Superficially, the two films are of course identical: against a holiday backdrop (dawn till midnight on Valentine's Day, in this case - we're specifically told that it's a Monday, which was last true in 2005 and will be true again in 2011, which makes Valentine's Day either a period piece or a science-fiction movie), an interwebbed cast of many people explores different facets of love. On closer inspection, there's not quite so much overlap; only one of the plotlines in the new film, about the little boy with his first crush, seems to map directly onto one of the plotlines from the old film. But the intent is obvious. The two biggest differences are not plot-based at all: compared to Love Actually, Valentine's Day is almost completely devoid of sex (and what appears is almost exclusively centered on one character), and compared to Love Actually, Valentine's Day is not very good. Screenwriter Katherine Fugate and director Garry Marshall jam a staggeringly over-loaded cast through what feels like a dozen different plotlines - I won't even bother to start recapping them, it would take a cross between a flowchart and a Venn diagram to capture every nuance of how the 21 main characters interrelate - with an end result that is quite manic and "big", in the worst conceivable sense of "big". So eager are the filmmakers to include as many different characters and plot points as they can, the overall flow of the film is like an especially jerky game of hopscotch: first here, then over there, then way over there, and you're really not sure how on Earth you got from A to B to C.

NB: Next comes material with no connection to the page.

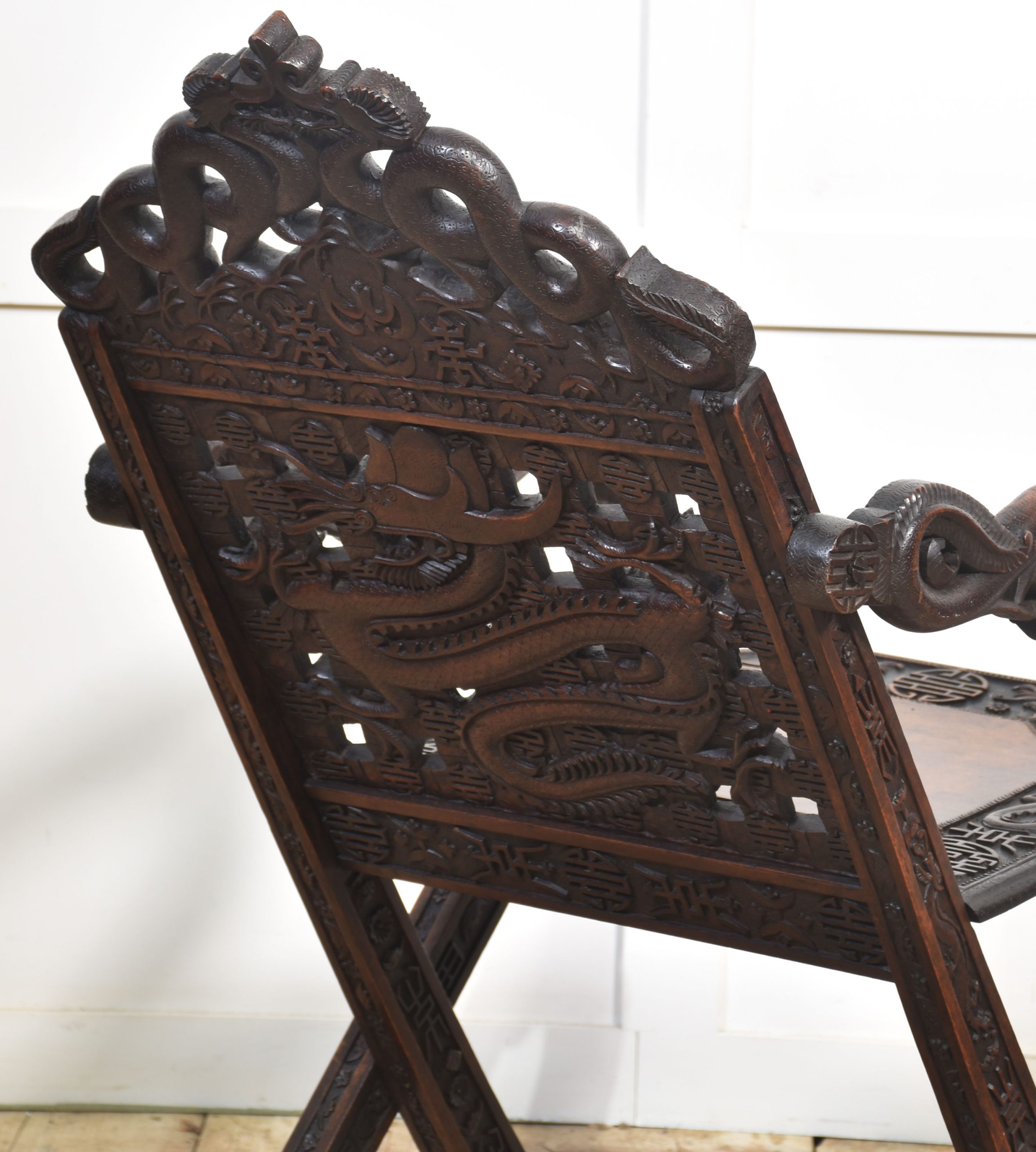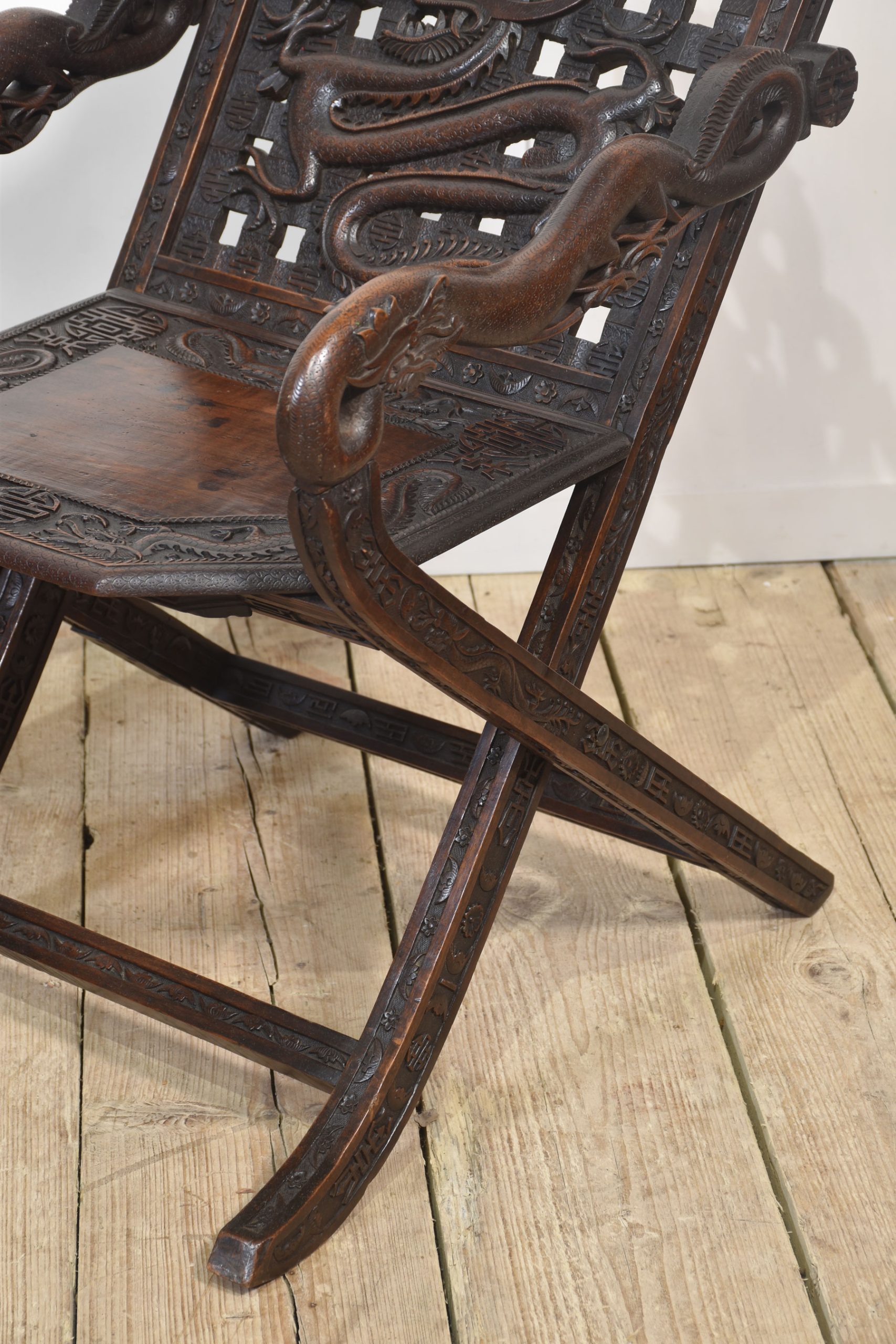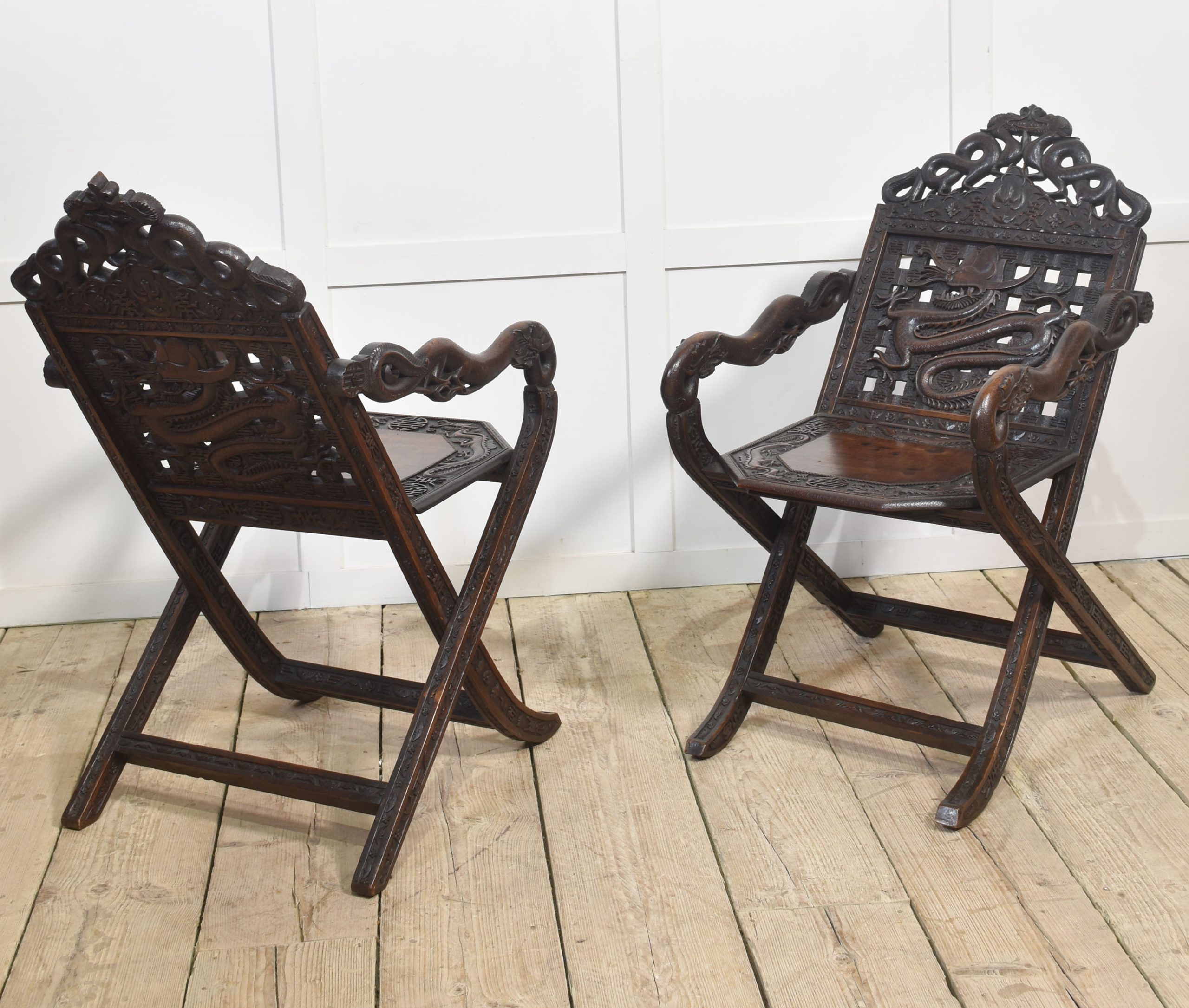 Pair of 19th-century Chinese folding armchairs, the arched backs profusely carved and detailed with dragons to the solid seat with further carved decoration.Flanked by shaped arms depicting serpents. All raised on square supports united by stretchers.

There's actually one other big reason why Valentine's Day is different from Love Actually, and while it's somewhat more subtle and subjective, I think it points to the only really interesting element of the American film. Both movies are full of instantly recognisable faces, but where Love Actually is mostly full of famous actors, Valentine's Day is full of celebrities - like I said, a subjective difference. In the British film, you have Colin Firth and Liam Neeson and Alan Rickman and the like; people who are really quite talented, and that's why the film can sometimes shock you with a really powerful moment like Emma Thompson's quiet breakdown when she realises her husband is cheating on her. Valentine's Day has a couple good actors, but mostly it has been cast with an idea towards covering the broadest possible marketing sector, and this means matinee idols and other famous people. So we have: pin-up girls for the lads (Jessica Alba and Jessica Biel - a combo that gave me a slight headache given my tendency to get those two actresses confused as "the bad one" and "the bad one who sometimes has a smackeral of ambition"); pin-up girls for the intelligentsia (Jennifer Garner and Anne Hathaway); a pretty-boy movie actor (Bradley Cooper); two pretty-boy TV actors (Patrick Dempsey and Eric Dane); teenybopper idols (Taylor Swift and Taylor Lautner); a few people who could be better but often don't try to be (Queen Latifah, Jamie Foxx and Topher Grace); and the inevitable Ashton Kutcher, whose appeal and continued ability to be cast in things remains an enigma to me.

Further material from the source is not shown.